Smith has been in the death cell for almost 35 years since a jury in Nashville was sentenced to death for the murders of his alienated wife Judy Smith and her two sons, Chad and Jason Burnett. They were shot and stabbed in a wooden house. Smith testified in his process that he had nothing to do with the murders and has been innocent since then. His lawyers have argued in recent years that his conviction was “based on an impossible theory of persecution that has been conflict with the physical evidence”. But the courts have confirmed his conviction and death sentence, and he exhausted his appeals. If his execution occurs on Thursday as planned, this will be the first in Tennessee for more than five years.

While the historical Spree of seven executions that Tennessee were carried out between August 9, 2018 and February 20, 2020, the men in the death cell had developed a kind of ritual before one was brought into the death guard among them. The men often gathered on Monday evening to say goodbye to share a final meal and spend some time with external visitors. The new protocol has changed all of this for reasons that remain unclear. In response to a question about the argument behind the changes, the TDOC spokesman Dorinda Carter said that the protocols were revised “to ensure that lawful and effective procedures are followed when carrying out death sentences”.

“There was never a problem in the two weeks up to an execution date, and there has never been a problem with the death guard,” said Henry. “It feels in retribution.”

The two-week isolation and observation period, said Henry, was “his own form of torture” and “completely unnecessary”.

The Rev.
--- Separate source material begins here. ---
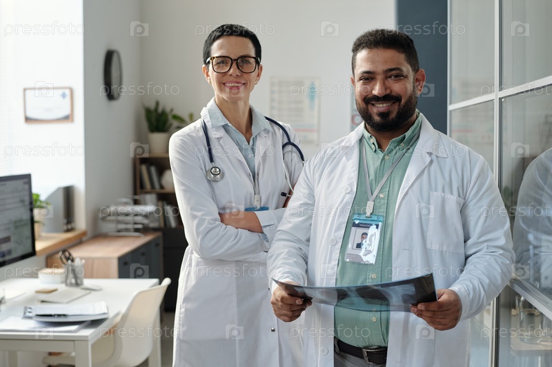 Два улыбающихся медицинских работника, одетых в лабораторные пальто

Dr. Kevin Riggs, pastor in the Franklin Community Church and a spiritual advisor to several men in the death cell, told the banner that the new protocols of the state were free of charge.

“I know that people will say: 'Well, he took the life of some people and their family members also had no chance of telling them bye,” he said. “But our judicial system is not based in the way you treated someone else. We shouldn't lower the same level as someone who committed a crime. We should be better than that.”

A legal challenge

Smith is one of nine inmates that sue the state on the new protocol and argues that the use of pentobarbital could lead to a quedling death. The lawsuit also questions the constitutionality of what it describes as a “12-hour blackout policy”. Due to the prohibition of a person who has exposed itself from the execution of communication with someone other than their lawyer, the state limits its right to freedom of expression and religious practice.
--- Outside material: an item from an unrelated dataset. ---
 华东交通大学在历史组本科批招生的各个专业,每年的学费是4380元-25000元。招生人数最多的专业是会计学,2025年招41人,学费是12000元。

However, the protocol also leaves the enforcement of this “12-hour blackout” until the discretion of un areolated prison officers. In a letter submitted in court this week, Rivanbend Maximum Security Institution Warteneth Nelsen contained the accommodations that he had approved for Grant Smith. This includes a minister to have contact visits to Smith's face to face and not to serve communion through a cell window and him on the day of his execution. The supervisor also agreed to pray the minister loudly after Smith submitted a final explanation and angered his forehead with olive oil. During the execution, the minister, as the pentobarbital comes into force, can put a hand on Smith's shoulder and “quietly … but to hear loud enough for Mr. Smith”.

While Smith's religious inquiries were given, Henry said that this dynamic makes this part of the protocol unsustainable.
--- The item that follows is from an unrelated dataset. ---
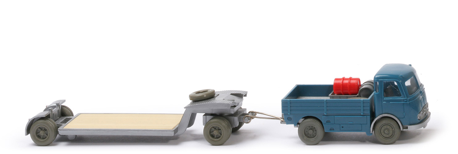 | Zugmaschine | Kabine Farbe | azurblau | Fenstersteg | breit | Fixierung Reserverad | mit | Verglasung | klar | Inneneinrichtung | hellbraunrot | Grill | silbern eingesetzt | Chassis | silbern | Bodenprägung | WM, Made in Germany | hintere Stoßstange links | mit | Zughaken | mit | hintere Stoßstange rechts | ohne | Pritsche | azurblau | Pritscheneinlage -Typ | 12-fach geteilt | Pritscheneinlage - Farbe | silbern | Räder | 12mm, hellgrau, 10-Loch | Ladegut | allerlei, verklebt | | Anhänger | Grundfarbe | silber | Hängertyp | Typ 2: Zapfen ohne Justierung | Pritscheneinlage | hellbeige | Deichsel | Metall | Bemalung Rückleuchten | rot | Bemalung Rückstrahler | rot | Räder | 12mm, hellgrau, Trilex |

“The protocol on the face says that this will not happen,” she said. “So it will always have grown from the grace of the supervisor and the commissioner to deviate from the protocol.”

At the moment Smith is sitting in prison in an otherwise empty pod. The officials allowed him to have a data protection screen for the time when he uses the bathroom, but everything else he does is observed and recorded by prison officers. Under the new protocol, he will be moved to a cell near the Chamber of Cremy 48 hours before his execution. When asked about his behavior, Henry said in her experience that the person who is to be executed tends to “show most grace in these last days”.

She said Smith spent thank you columns last weekend to write to them.

This article was published for the first time in Nashville Banner and will be released here under a creative commonsattribution-noderivates 4.0 International License.